Honestidad. Como bandera de la verdad en relación con el conocimiento del mundo, los hechos y las personas, sobre la base de la verdad y la justicia. Fundamento sobre las que se construye la armonía de la comunidad y el logro de los objetivos institucionales.

Dignidad. Respeto a la persona humana, comenzando consigo misma y en relación con las demás.

Humildad. Virtud de la comunidad para reconocer sus fortalezas, así como sus limitaciones y debilidades en el cumplimiento de sus funciones, asumiendo que todo logro o resultado favorable será siempre perfectible si se realiza un esfuerzo mayor y colectivo.

Libertad. Que privilegie la práctica ética y responsable del derecho de expresión y acción a partir de los conocimientos, creencias y valores personales, que a la vez se enlazan y respetan el mismo derecho de otras personas. Sólo en un ambiente de libertad se puede dar la búsqueda del conocimiento verdadero, las diferencias y el cumplimiento de las funciones institucionales.


Fundación

El Colegio fue fundado el 21 de diciembre de 1984. Sus miembros fundadores fueron el Gobierno del Estado de Puebla, a través de las secretarías de Educación y Cultura, el Consejo Estatal de Ciencia y Tecnología, el Ayuntamiento del Municipio de Puebla y El Colegio de México. El 3 de enero de 1985 el Colegio de Puebla abrió sus puertas a la comunidad académica.

Durante más de 30 años ha realizado una labor formativa de alto perfil investigativo. El Colegio ha desarrollado una tradición académica de calidad y que toma el ámbito regional como uno de sus ejes más relevantes para abrir e impulsar sus posgrados.

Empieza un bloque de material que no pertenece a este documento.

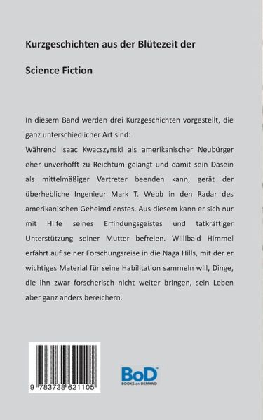 In diesem Band werden drei Kurzgeschichten vorgestellt, die ganz unterschiedlicher Art sind: Während Isaac Kwacszynski als amerikanischer Neubürger eher unverhofft zu Reichtum gelangt und damit sein Dasein als mittelmäßiger Vertreter beenden kann, gerät der überhebliche Ingenieur Mark T. Webb in den Radar des amerikanischen Geheimdienstes. Aus diesem kann er sich nur mit Hilfe seines Erfindungsgeistes und tatkräftiger Unterstützung seiner Mutter befreien. Willibald Himmel erfährt auf seiner Forschungsreise in die Naga Hills, mit der er wichtiges Material für seine Habilitation sammeln will, Dinge, die ihn zwar forscherisch nicht weiter bringen, sein Leben aber ganz anders bereichern.
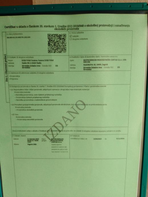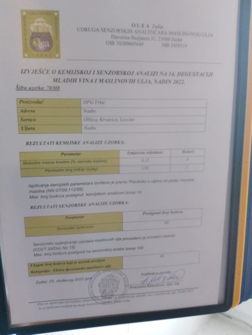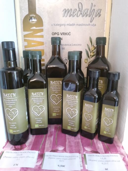 Ulje je dobiveno hladnim prešanjem maslina u ekološkoj uljari Nadin,a masline su iz vlastitog maslinika koji su u ekološkom uzgoju s važećim ekološkim certifikatom za 2023/2024 godinu.Nase ulje redovito svake godine dajemo na natjecanje za kvalitetu gdje redovito svake godine dobiva zlatne medalje,pa tako i ove godine na natjecanju u sukošanu na natjecanju zvanoj "peljuzica" nase ulje je dobilo zlatnu medalju kao ekološko ekstra djevičansko maslinovo ulje.
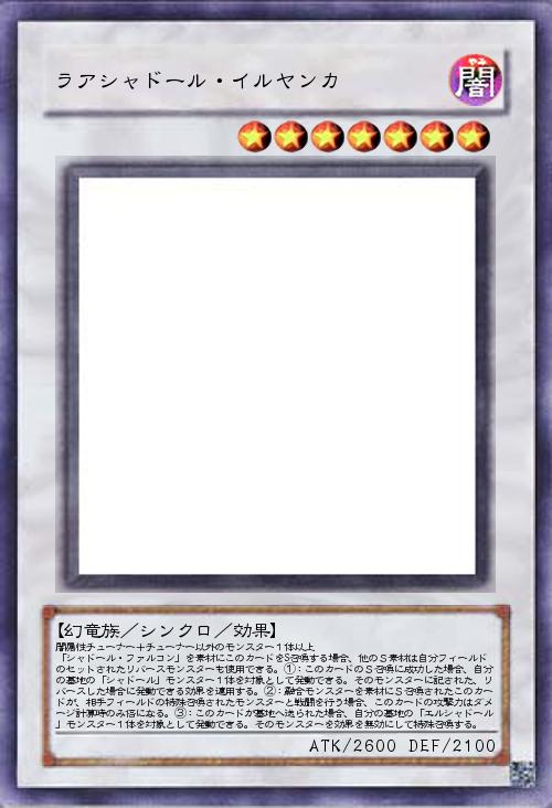 カード名は、シャドールの名前が聖書や中東の神話などから取られる傾向があるようなので、邪竜星から転じて「悪」を意味するラーアから取ってラアシャドールにしました。どうもユダヤ教の用語らしいのですが、詳しい事はよく分かりません(笑)
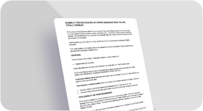 ELIGIBILITY FOR CONTINUATION OF CERTAIN INSURANCE WHILE YOU ARE TOTALLY DISABLED GCERT2000 47 cp/all If You become Totally Disabled while You are insured for Continuation Eligible Insurance under this policy, You may qualify to continue certain insurance under this section. If continued, premium payment will not be required. We will determine if You qualify for this continuation after We receive Proof that You have satisfied the conditions of this section. Total Disability must start before You attain age 60 and while You are insured for Continuation Eligible Insurance. Your Total Disability must continue without interruption from the date You became Totally Disabled through the end of the Continuation Waiting Period. DEFINITIONS For the purpose of this section, “Continuation Eligible Insurance” means Your · Supplemental Life Insurance; to the extent that such insurance was in effect for You on the date Your Total Disability began. Continuation Eligible Insurance does not include Life Insurance amounts accelerated under the section entitled LIFE INSURANCE: ACCELERATED BENEFIT OPTION FOR YOU. Continuation Waiting Period means the period which starts on the date You become Totally Disabled and ends 9 consecutive months later. Total Disability or Totally Disabled means, for purposes of this section, that due to an injury or sickness: · You are unable to perform the material and substantial duties of Your regular job; and · You are unable to perform any other job for which You are fit by education, training or experience. TOTAL DISABILITY AND PROOF REQUIREMENTS If You become disabled You should contact Us as soon as reasonably possible. After the Continuation Waiting Period ends, You must send Us Proof that You were Totally Disabled with no interruption throughout the Continuation Waiting Period. You must do this within the time frame specified in the section entitled FILING A CLAIM. As part of such Proof, We may choose a Physician to examine You to verify that You are Totally Disabled. We will pay for the exam. After We receive and review Your Proof, We will determine if You qualify. We will notify You in writing of Our decision. To verify that You continue to be Totally Disabled without interruption, We may require from time to time that You send Us Proof that You continue to be Totally Disabled. We will not ask for Proof more than once each year. IF YOU DIE DURING CONTINUATION If You die during the continuation, Proof of the death must be sent to Us. In addition to the Proof which is otherwise required for the insurance, the Proof must show that Your Total Disability continued with no interruption from the date We informed You that the continuation was approved until the date of the death. When We receive such Proof with the claim, We will review the claim and if We approve it, will pay any benefit payable under the insurance continued under this section.
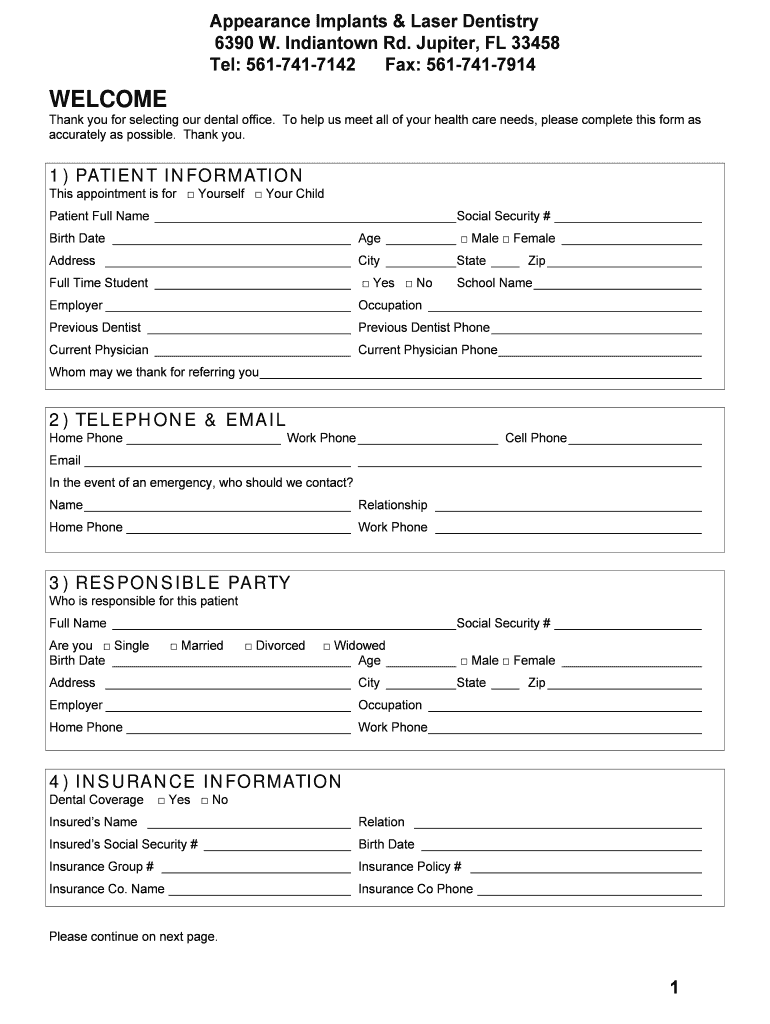 Get the free Patient bFormsb - Appearance Implants amp Laser Dentistry
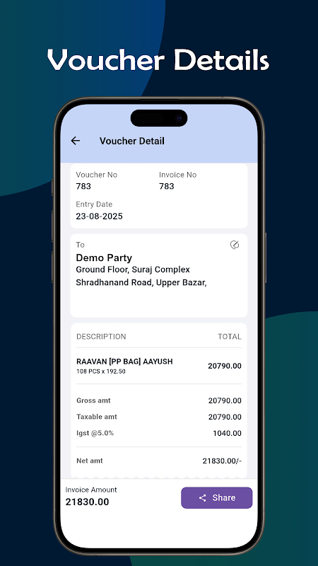 L'utilisateur peut utiliser OrnetBiz pour vérifier Ledger & Outstanding et partager des rapports et des documents au format pdf.

Las instancias que permanecen en la Asamblea General de Asociados y que respaldan a El Colegio son: Gobierno del Estado de Puebla, a través de la Secretaría de Educación Pública del Estado de Puebla, la Secretaría de Cultura y Turismo del Estado de Puebla, el Consejo Estatal de Ciencia y Tecnología del Estado de Puebla y el Ayuntamiento del Municipio de Puebla.


Presidentes

El Colegio de Puebla, A.C. ha sido encabezado por ocho rectorías y el actual Presidente, C.P. Omar Álvarez Arronte, mandata el noveno periodo vigente. Los nombres y los lapsos de gestión fueron:

  1. Dr. Mario Miguel Carrillo Huerta (1985-1987)
  2. Lic. Rodolfo Hidalgo Rojas † (1987-1989)
  3. Dr. Mariano Enrique Bautista (1991-1996)
  4. Dr. Luis Fuentes Aguilar † (1996-1998)
  5. Dr. Jorge Efrén Domínguez y Ramírez (1998-2005)
  6. Dr. Manuel R. Villa Issa (2005-2011)
  7. Dr. Miguel Ángel Pérez Maldonado (2011-2015)
  8. Lic. José Alarcón Hernández (2016-2018)

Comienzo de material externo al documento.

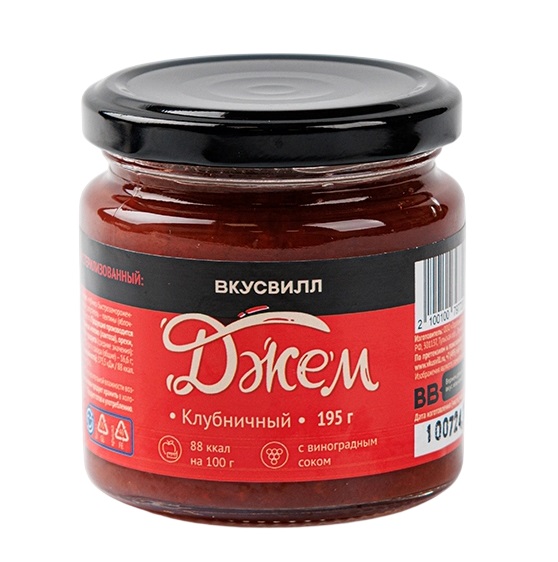 клубника быстрозамороженная, сок виноградный концентрированный, загуститель-пектины (яблочный), регулятор кислотности-лимонная кислота. Продукция производится на предприятии, где используются аллергены: горчица, молоко (лактоза), орехи, сельдерей, соя
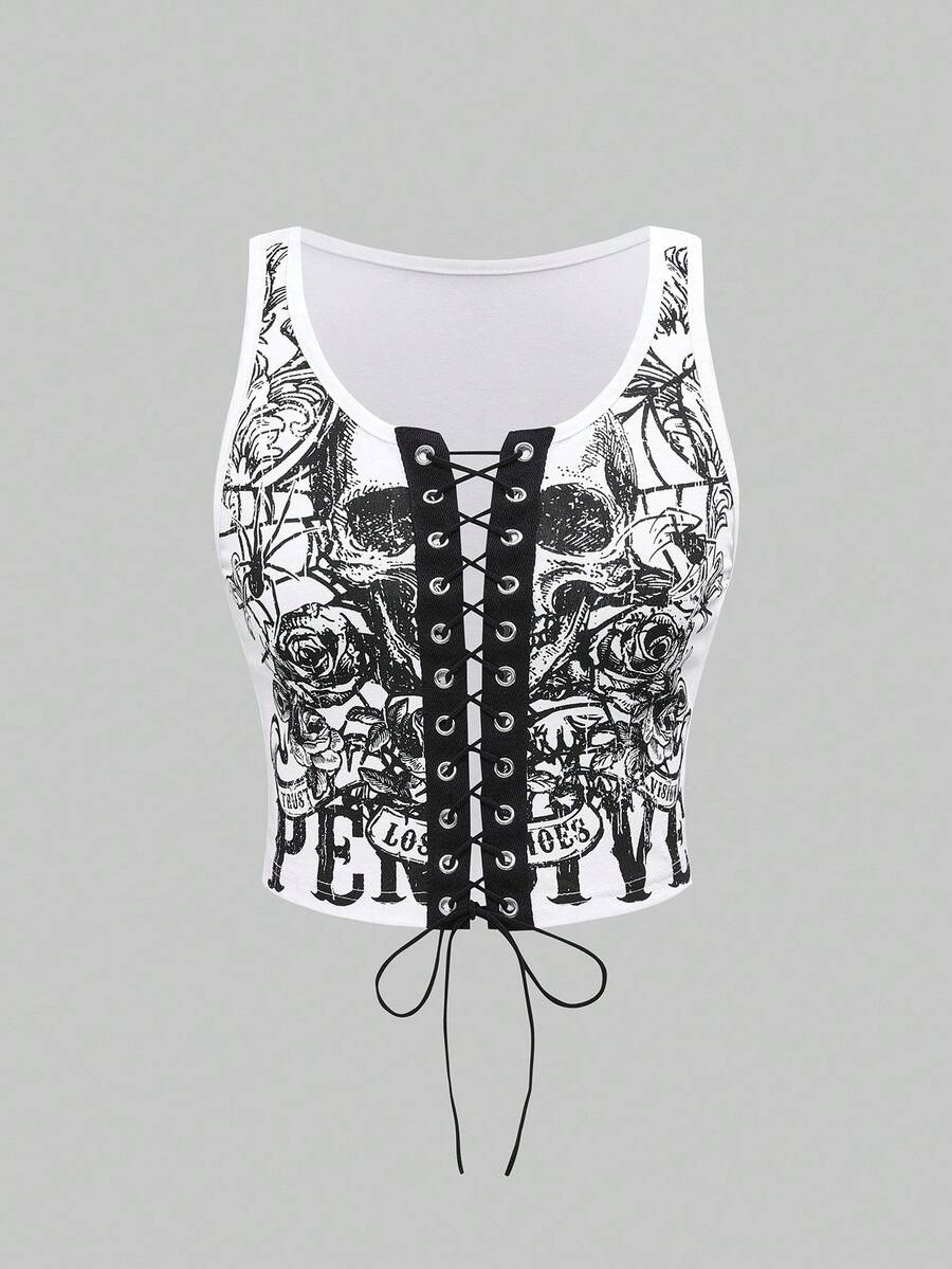 Goth Punk Skull Print Eyelet Lace-Up Casual Versatile Women Tank Top, Suitable For Concert/Festival, Halloween

Instalaciones que ha ocupado el COLPUE

El Colegio durante estas más de tres décadas ha tenido asiento en cinco edificios en la ciudad de Puebla. La primera sede estuvo ubicada en el segundo, tercer y cuarto pisos del edificio con el número 1708 de la 11 sur, desde su nacimiento y por un lapso de cinco años (1984-1989). Su relevancia radica en dar hospedaje a un gran proyecto en el momento crítico del inicio.

La segunda residencia de El Colegio fue el edificio en la 4 poniente 719 en el primer cuadro de la ciudad (1991-1999). Esta casa dejó honda huella en las personas que alimentaron la vida colegiada en esos años. Ocupar una casona del centro histórico implica envolverse de un aire de responsabilidad con el patrimonio y con la historia edificada, por su valor arquitectónico y la impresión que deja pisar un presente labrado por generaciones; patios, portones, pasillos, dinteles y columnas. Lamentablemente, a causa del terremoto del 19 de junio de 1999, los daños al edificio obligaron a El Colegio a mudarse.

Por el tamaño que en ese momento había alcanzado nuestra institución tuvo que asentarse durante algunos años en direcciones simultáneas en la colonia La Paz: Calle Tepeyahualco, Calle San Martín Texmelucan 82 y Calle Tehuacán Sur 91, incluso una parte de la Casona de la 4 poniente fue imposible reubicarla y permaneció ahí.

Desde hace casi 16 años nuestra sede es Tehuacán Sur 91. Poco a poco fuimos asentándonos en estas paredes, durante ya casi la mitad de la edad de El Colegio. Aunque los lugares (casas y edificios) son importantes no dejan de ser sólo un escenario, más o menos suficiente; lo más relevante creemos, sin embargo, es la vida que le dan los estudiantes y docentes: lo indispensable al final para que se dé el proceso educativo y formativo es un estudiante que quiere especializarse y desarrollarse y un maestro dispuesto construir un conocimiento trascendente y colegiado.